The plastic aiming/spotting scope is flexible to the point of being useless.
Green laser FTW. And/or mount some cheap Picatinny rail and get a red dot made for .22s.
And the German EQ mount and tripod are pure chinesium.
https://www.cloudynights.com/topic/117633-stiffening-an-aluminum-tripod/#entry1543311Get the tripod solid, and Celestron's equatorials aren't half bad. I've got some 30 minute exposures done with a piggybacked DSLR using their cheap clock drive that came out excellent. Even a couple with a 300mm zoom that had negligible shake and drag, though the 50mm f/1.7 was amazing for light gathering ability.

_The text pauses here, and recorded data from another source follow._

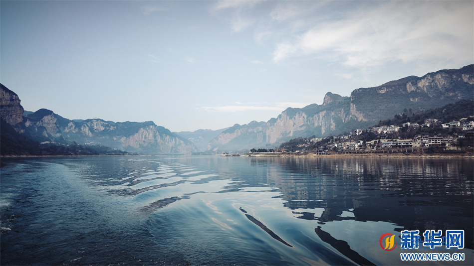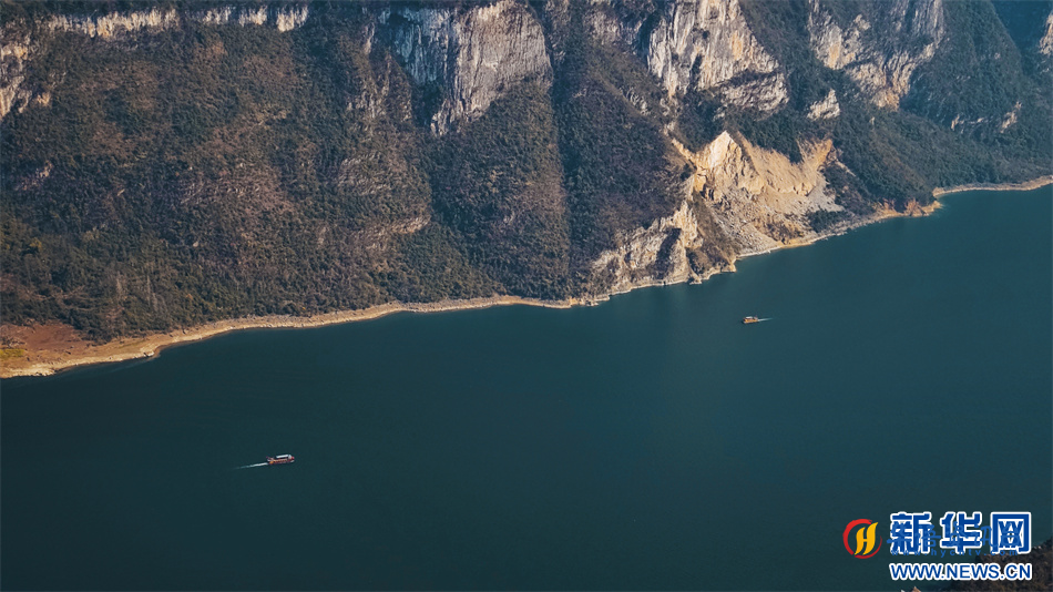 3月1日,两艘游船行驶在化屋村段的乌江内。新华网 卢志佳 摄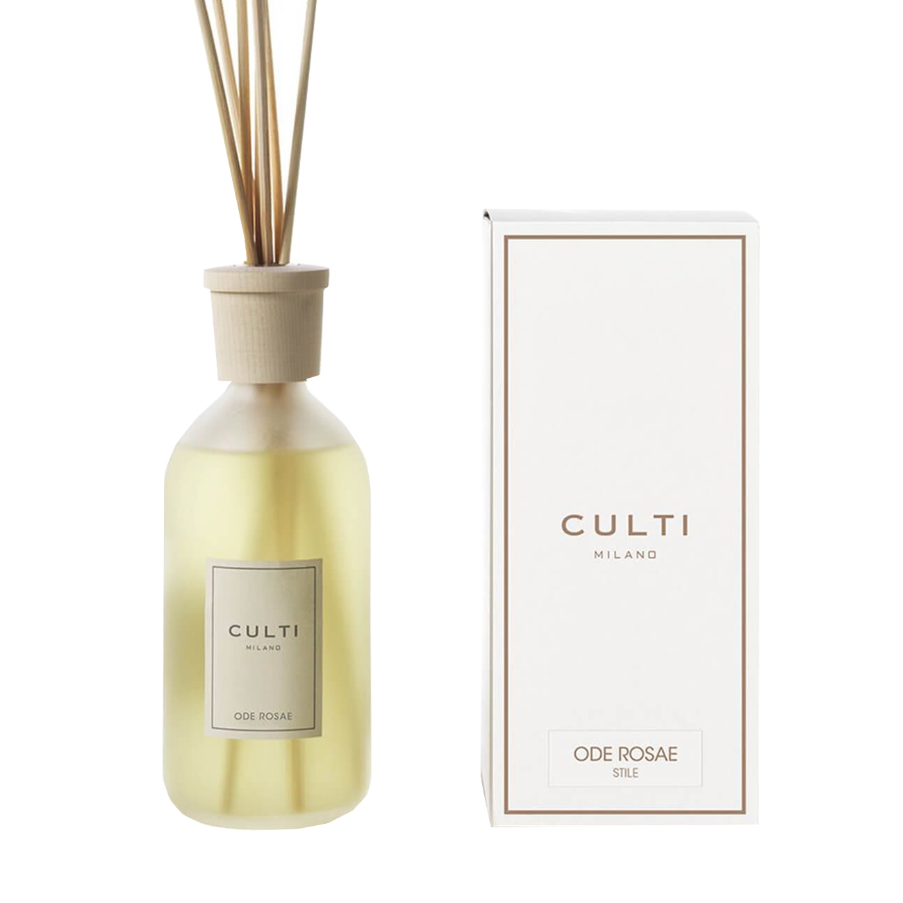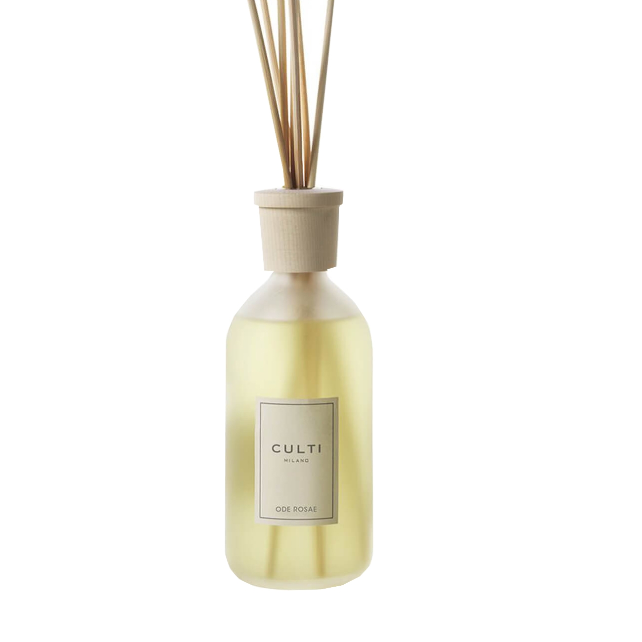 Glass bottles with ivory-coloured labels and cap in natural maple wood. Ode Rosae: Paying homage to the nobility of the rose, the queen of the garden; bowing down to touch the untamed power of her wood, letting her stirring delicacy go to your head. A flower for men.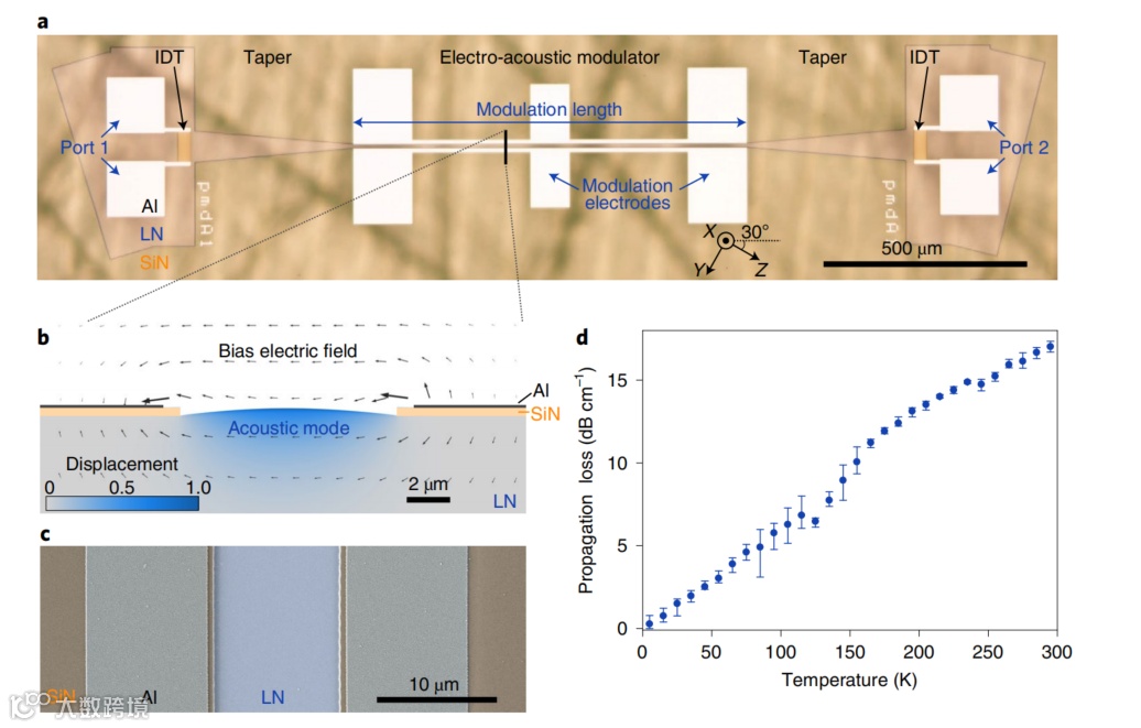 固体中的声波是各种应用的基础,包括微波滤波器、振荡器、延迟线和传感器。它们也被用作不同量子系统之间的通用接口,包括超导电路、缺陷中心和光学器件。与千兆赫(GHz)电磁波相比,声波的波长要短5个数量级,并且不会辐射到自由空间。这使得声波可以用于在一个超紧凑的足迹中的相干信息处理和操作,而器件之间和与环境之间的串扰可以忽略不计。因此,片上声子系统已经成为量子计算和存储的一个很有前途的候选者。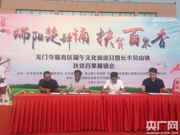 央廣網(wǎng)合肥6月17日消息(記者徐鵬)“端陽楚辭誦,扶貧百果香!昨天,合肥市長豐縣吳山鎮(zhèn)扶貧百果展銷會(huì)暨“楚辭”朗讀者專場活動(dòng)在安徽驛達(dá)龍門寺服務(wù)區(qū)舉行,近30家農(nóng)企代表和農(nóng)戶代表參展。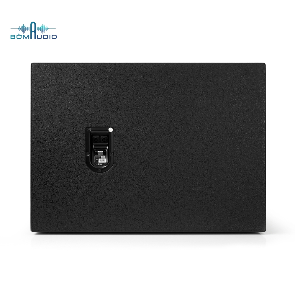 Thân loa được trang bị tay xách, chân cao su và lỗ cắm cọc, hỗ trợ di chuyển và lắp đặt thuận tiện. Mặt sau bố trí bảng thông số cùng các cổng kết nối tín hiệu tiêu chuẩn. Kích thước 632 × 570 × 650 mm và trọng lượng 76,1 kg mang lại cảm giác chắc chắn, phù hợp sử dụng cho sân khấu, hội trường và các sự kiện âm thanh chuyên nghiệp.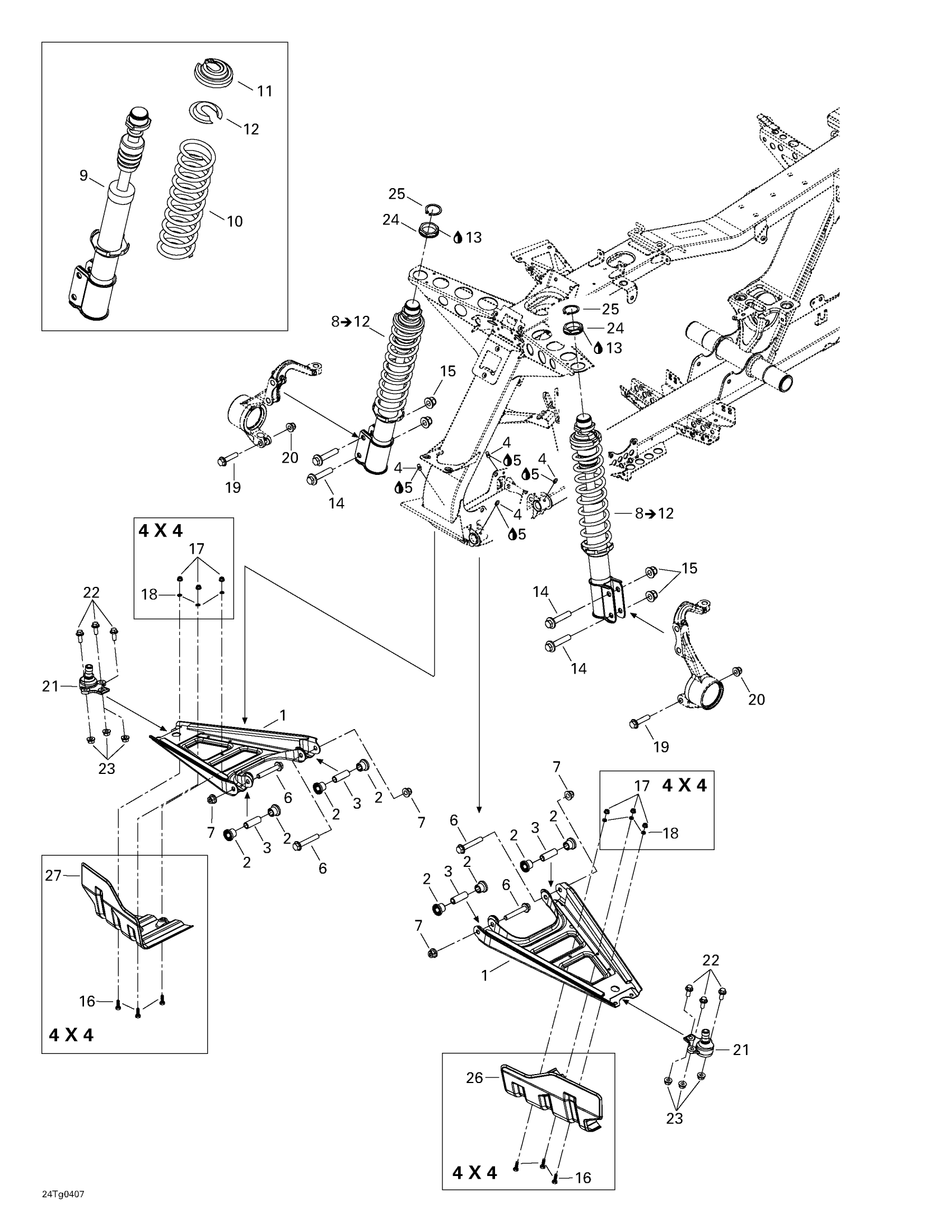 Can-Am Outlander 400 XT 4 X 4, 2004 Front Suspension Diagram

For cheap refractors, there's a post somewhere on CloudyNights about building a wooden tripod and mount that makes even the department store junk pretty usable. I may still have one that I built for a $5 garage sale 50mm that actually made it worth carrying out to the field. If you put the pivot point right around the eye level of the shortest person using it, it's a lot easier to use too.
And here's a 76mm reflector with a tabletop mount for $50:
https://www.walmart.com/ip/Celestron-21024-FirstScope-Telescope/117145731.25" focuser, so finding quality eyepieces and camera mounts is a lot easier than the tiny department store ones, too. Tabletop mounts are, of course, only practical if you have somewhere to put them, but a relatively level car hood will work, and not depending on spindly aluminum legs removes the biggest issue of cheap scopes.
Heck, for that matter, if you run across a good price on a mirror blank and primary cell, the focuser and secondary mount are probably good for building a much larger scope.